Сидя на командном троне и соединённый с машинным сердцем “Сперанцы” с помощью тактильной обратной связи, нейронных соединений и манифольда архимагос Лексель Котов чувствовал дух корабля, который проходил сквозь него, тысячелетнее сердце, ревущее водопад информации, которая вздымалась вокруг потока данных, подобно бурлящей реке света. Даже несмотря на столько точек подключения он осмеливался касаться только самых поверхностных уровней разума ковчега. Немного глубже и он рискует оказаться сметённым могучим великолепием, утонуть в жидких потоках чередуемых данных.
Дух-машина “Сперанцы” оказался на порядки грандиознее, чем любая био-аугметированная сущность, с которой сталкивался архимагос. Он легко мог целиком поглотить его смертный разум и превратить тело в пустую, безмозглую оболочку, которая способна осмыслить своё существование не больше сервитора. Котов однажды рискнул соединить все когнитивные функции своего разума с раненым сердцем мира-кузни, чтобы предотвратить катастрофический отказ реактора, но “Сперанца” затмевала даже тот могучий дух.
Миры-кузни представляли собой кипящие котлы чистой функции, прямо соединённые на грани безрассудства, целые планеты предприятий, доведённые до крайности производством, которое работало только благодаря десяткам тысяч жрецов Марса. “Сперанца” придерживалась то же самой функции, но нескованной неподвижной звёздной географией. Мир-кузня, способный путешествовать среди звёзд, грандиозная машина созидания, способная соперничать с чудесами Золотого Века Технологии.
Обнаружение “Сперанцы” было неожиданным и произошло благодаря случайному проникновению ошибочного кода из её дремлющего ядра-разума в инфомашины верховного храма Котова на мире-кузне Паломар. Сначала он не обратил внимания на бинарную утечку, сочтя её призрачными выбросами давно дезактивированных машин, но, когда инфоциты отыскали глубоко в сетях код с аналогичными характеристиками, картина прояснилась, постепенно открывая нечто невероятное.
Вся мощь аналитиков Котова была пущена в ход и расходящиеся пути просачивающихся данных быстро идентифицировали. И даже тогда никто полностью не смог понять всю значимость обнаруженного нейро-соединёнными жрецами.
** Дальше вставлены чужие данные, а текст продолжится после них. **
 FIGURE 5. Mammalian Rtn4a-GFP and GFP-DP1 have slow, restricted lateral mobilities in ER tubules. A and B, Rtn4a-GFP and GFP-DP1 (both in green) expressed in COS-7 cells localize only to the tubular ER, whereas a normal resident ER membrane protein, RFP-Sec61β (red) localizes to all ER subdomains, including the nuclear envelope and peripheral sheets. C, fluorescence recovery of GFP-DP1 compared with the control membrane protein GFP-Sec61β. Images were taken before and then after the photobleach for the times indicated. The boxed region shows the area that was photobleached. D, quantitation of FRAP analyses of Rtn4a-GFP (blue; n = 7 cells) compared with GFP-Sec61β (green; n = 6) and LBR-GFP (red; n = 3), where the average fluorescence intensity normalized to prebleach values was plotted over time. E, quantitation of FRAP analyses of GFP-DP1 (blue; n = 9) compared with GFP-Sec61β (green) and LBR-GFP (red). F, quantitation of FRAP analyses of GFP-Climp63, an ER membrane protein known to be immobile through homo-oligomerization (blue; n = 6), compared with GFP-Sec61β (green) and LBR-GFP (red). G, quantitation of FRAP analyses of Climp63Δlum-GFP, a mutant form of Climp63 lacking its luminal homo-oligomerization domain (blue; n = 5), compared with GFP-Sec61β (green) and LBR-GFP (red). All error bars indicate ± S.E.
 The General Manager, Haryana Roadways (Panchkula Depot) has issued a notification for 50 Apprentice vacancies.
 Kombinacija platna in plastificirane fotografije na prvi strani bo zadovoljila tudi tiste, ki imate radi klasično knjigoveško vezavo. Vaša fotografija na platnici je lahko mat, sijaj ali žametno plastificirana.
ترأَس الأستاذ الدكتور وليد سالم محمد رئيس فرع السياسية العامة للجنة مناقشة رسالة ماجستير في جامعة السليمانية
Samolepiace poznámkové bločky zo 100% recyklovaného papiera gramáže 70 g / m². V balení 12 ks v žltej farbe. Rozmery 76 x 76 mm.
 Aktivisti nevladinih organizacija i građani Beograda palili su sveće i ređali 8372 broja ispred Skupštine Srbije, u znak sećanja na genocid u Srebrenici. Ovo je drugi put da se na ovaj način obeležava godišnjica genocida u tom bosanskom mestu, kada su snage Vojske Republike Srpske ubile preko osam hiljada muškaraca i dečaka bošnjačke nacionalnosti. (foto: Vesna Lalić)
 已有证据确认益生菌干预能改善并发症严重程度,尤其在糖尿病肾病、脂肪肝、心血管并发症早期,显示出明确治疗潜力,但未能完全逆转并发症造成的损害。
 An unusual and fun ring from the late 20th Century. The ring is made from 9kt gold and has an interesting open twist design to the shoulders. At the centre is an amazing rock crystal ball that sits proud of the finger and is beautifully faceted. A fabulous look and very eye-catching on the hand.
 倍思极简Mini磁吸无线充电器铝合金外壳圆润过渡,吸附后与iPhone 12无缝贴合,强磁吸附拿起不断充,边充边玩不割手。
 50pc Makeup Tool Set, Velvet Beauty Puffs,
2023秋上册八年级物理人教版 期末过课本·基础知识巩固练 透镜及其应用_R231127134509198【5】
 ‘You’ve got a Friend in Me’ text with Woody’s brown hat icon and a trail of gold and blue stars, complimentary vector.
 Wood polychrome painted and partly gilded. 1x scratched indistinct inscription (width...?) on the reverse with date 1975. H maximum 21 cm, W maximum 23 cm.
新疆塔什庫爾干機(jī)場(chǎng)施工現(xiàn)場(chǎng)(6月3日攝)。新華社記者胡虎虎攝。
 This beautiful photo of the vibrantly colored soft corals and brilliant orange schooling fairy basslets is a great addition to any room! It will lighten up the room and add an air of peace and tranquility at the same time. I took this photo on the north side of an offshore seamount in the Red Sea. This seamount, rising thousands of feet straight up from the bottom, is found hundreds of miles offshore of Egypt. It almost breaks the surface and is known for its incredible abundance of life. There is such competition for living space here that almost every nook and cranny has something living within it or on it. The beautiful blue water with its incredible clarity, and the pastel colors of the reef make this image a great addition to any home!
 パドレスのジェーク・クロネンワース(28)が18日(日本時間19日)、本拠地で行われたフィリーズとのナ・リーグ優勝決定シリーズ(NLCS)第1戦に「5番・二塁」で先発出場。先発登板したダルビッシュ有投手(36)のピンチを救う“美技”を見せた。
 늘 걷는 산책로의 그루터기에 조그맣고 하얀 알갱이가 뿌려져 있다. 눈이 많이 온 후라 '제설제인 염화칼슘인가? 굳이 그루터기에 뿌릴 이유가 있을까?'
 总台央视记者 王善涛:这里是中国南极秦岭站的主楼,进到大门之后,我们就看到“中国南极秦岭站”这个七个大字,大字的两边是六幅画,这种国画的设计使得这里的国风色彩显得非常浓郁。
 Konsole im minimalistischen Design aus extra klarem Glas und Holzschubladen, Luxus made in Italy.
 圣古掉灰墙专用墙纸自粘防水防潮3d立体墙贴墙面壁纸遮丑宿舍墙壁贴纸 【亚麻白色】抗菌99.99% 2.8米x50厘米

Только после того, как команды эксплораторов потратили добрую половину столетия, проверяя внешние границы зоны, откуда исходил код, Котов осмелился поверить, что это правда.
Один из легендарных ковчегов Механикус.
Погребённый в стальном фундаменте его мира-кузни тысячи лет.
Говорили, что существует всего лишь несколько таких невероятных судов, и обнаружение неповреждённого было чудом, соперничающим с нахождением полностью функционирующей системы СШК. Ни один из восстановленных блоков данных так и не смог идентифицировать корабль, и это обстоятельство изумило Котова, ибо центральным догматом Механикус было никогда и ничего не удалять. Получалось, что фактически корабль раньше просто не существовал. Сначала Котов решил, что давно умерший экипаж каким-то образом сумел посадить неповреждённым огромный космический левиафан на поверхность планеты, а затем встроил его в металлический слой.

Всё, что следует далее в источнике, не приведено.